The Birmingham Institute of Forest Research (BIFoR)

The Birmingham Institute of Forest Research (BIFoR) is a world-leading centre in the understanding of how forests react to the combined threats of climate change and invasive pests or diseases. 

University of Birmingham's Institute of Forest Research

World-leading ‘big science’ has come to the Birmingham Institute of Forest Research (BIFoR) in the form of a Free-Air Carbon Enrichment (FACE) Facility, built into established English woodland. BIFoR FACE will study how forests will respond to future increases in atmospheric carbon dioxide (CO2). Extra CO2, equivalent to concentrations expected around 2050, will be delivered to undisturbed patches of woodland. Many aspects of their growth and the interactions with surrounding ecosystems will then be measured until at least 2026. 

One of only two forest-FACE facilities operating across the world, a major challenge has been to build the facility without damaging the delicate natural ecosystem. For that reason, no concrete foundations have been used and major elements of the infrastructure were put in place by helicopter.
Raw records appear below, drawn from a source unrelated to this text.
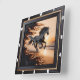 Experience the breathtaking beauty of nature captured in a stunning piece of art featuring a majestic black Morgan horse galloping freely along a golden beach at sunset. This exquisite image is framed by a ½-inch flat black wooden border, enhancing its elegance while providing a striking contrast to the vibrant colours of the sunset. The embedded wood showcases deep carvings with a charred, textured grain, adorned with rugged burn marks in shades of red, grey, and black, which beautifully complement the lighter wood tones. This artwork not only serves as a visual delight but also as a functional piece, as it can be transformed into a personalised clock. With The Design Tool, you can customise the colour of the numbers and choose from various font styles, allowing you to create a unique piece that reflects your personal aesthetic. The meticulous craftsmanship simulates the appearance of carved wood, offering a rustic charm that enhances any space without the need for real materials.
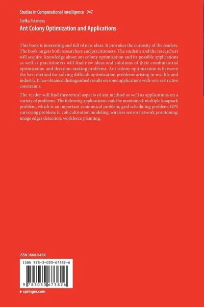 This book is interesting and full of new ideas. It provokes the curiosity of the readers. The book targets both researchers and practitioners. The students and the researchers will acquire knowledge about ant colony optimization and its possible applications as well as practitioners will find new ideas and solutions of their combinatorial optimization and decision-making problems. Ant colony optimization is between the best method for solving difficult optimization problems arising in real life and industry. It has obtained distinguished results on some applications with very restrictive constraints.
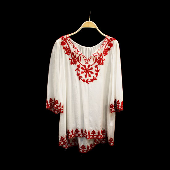This is a ladies' blouse that comes with eye-catching red decorations. Made of silk and cotton, this blouse is smooth and comfortable. This fashionable blouse is great for daily wear.
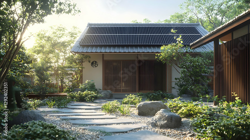 Traditional Japanese House with Solar Panels in a Summer Garden Landscape
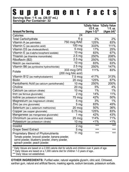 Vitamin A, Vitamin C, Vitamin D-3, Vitamin E, Vitamin B-1, Vitamin B-2, Vitamin B-3, Vitamin B-6, Folate, Vitamin B-12, Biotin, Pantothenic Acid, Calcium, Iron, Iodine, Magnesium, Zinc, Selenium, Copper, Manganese, Chromium, Potassium, Choline, Inositol, Grape Seed Extract, Broccoli Powder, Banana Powder, Carrot Powder, Blueberry Powder, Super Sweet Corn Powder, Cherry Powder, Spinach Powder, Peach Powder, Tomato Powder, Purified water, natural vegetable glycerine, fructose, citric acid, sweetener, natural flavor, xanthan gum, potassium sorbate, sodium benzoate (to preserve freshness).
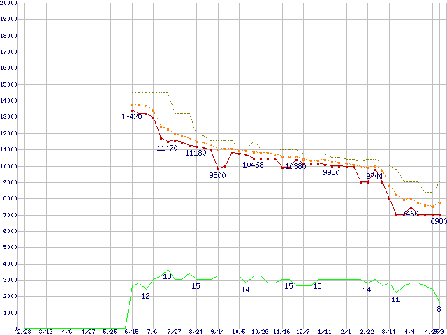 ※このグラフは過去のデータも税率5%相当に調整した税込み相当額のグラフです。 税率変更や、総額表示方式導入(2004年4月)の影響は除いています。 | | | ●凡例 | 最安値 (点線部は販売店未確認 または未調査) | 平均値 | 最高値 | ショップ数 |

Six completely open cylindrical rings, 30m wide and as high as the tree canopy, are served by gas-handling facilities, which store 100 tonnes of liquid CO2 and vaporise and deliver up to 15 tonnes per day to 3 of the 6 rings. The construction of the BIFoR FACE Facility is now complete. We are spending this year taking vital baseline measurements and will start to elevate the level of Carbon Dioxide (CO2) in three of the experimental plots during budburst 2017.

Forests are critical components of global carbon, nutrient and water cycles, influencing the thermal balance of the planet directly and indirectly, and are home to more than half of all known species.  Forests deliver direct economic, environmental and social benefits, ranging from fuel and building materials, to the sense of well-being associated with a walk in the woods.  

FACE experiments study to what extent these environmental benefits will persist into the future. The BIFoR programme is akin to space programmes, large physics experiments, or advanced manufacturing centres in its requirement for sustained and stringent quality assurance and quality control. The University of Birmingham has stepped up to the challenge of mounting ‘big science’ forest research to answer crucial questions about the future world we are creating.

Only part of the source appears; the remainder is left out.